Answer
The vector is $6\mathbf{i}+6\sqrt{3}\mathbf{j}$.
Work Step by Step
A non-zero vector $\mathbf{v}$ is expressed as $\mathbf{v}=\left\| \mathbf{v} \right\|\cos \theta \mathbf{i}+\left\| \mathbf{v} \right\|\sin \theta \mathbf{j}$ if the magnitude and direction angle from positive x-axis are $\left\| \mathbf{v} \right\|\text{ and }\theta $,
Here, $\left\| \mathbf{v} \right\|=12$ and $\theta =60{}^\circ $.

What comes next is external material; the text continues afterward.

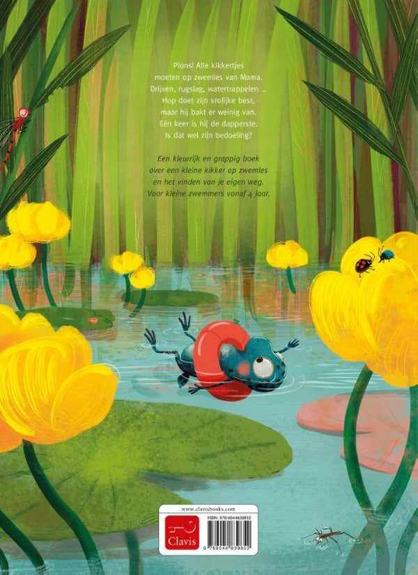 Een kleurrijk en grappig boek over een kleine kikker op zwemles en het vinden van je eigen weg. Voor kleine zwemmers vanaf 4 jaar. Plons! Alle kikkertjes moeten op zwemles van Mama. Drijven, rugslag, watertrappelen … Hop doet zijn vrolijke best, maar hij bakt er weinig van. Eén keer is hij de dapperste. Is dat wel zijn bedoeling?

So, $\mathbf{v}$ can be expressed as:
$\begin{align}
& \mathbf{v}=\left\| \mathbf{v} \right\|\cos \theta \mathbf{i}+\left\| \mathbf{v} \right\|\sin \theta \mathbf{j} \\
& =12\cos 60{}^\circ \mathbf{i}+12\sin 60{}^\circ \mathbf{j} \\
& =12\left( \frac{1}{2} \right)\mathbf{i}+12\left( \frac{\sqrt{3}}{2} \right)\mathbf{j} \\
& =6\mathbf{i}+6\sqrt{3}\mathbf{j}
\end{align}$
So, the vector $\mathbf{v}$ is $6\mathbf{i}+6\sqrt{3}\mathbf{j}$.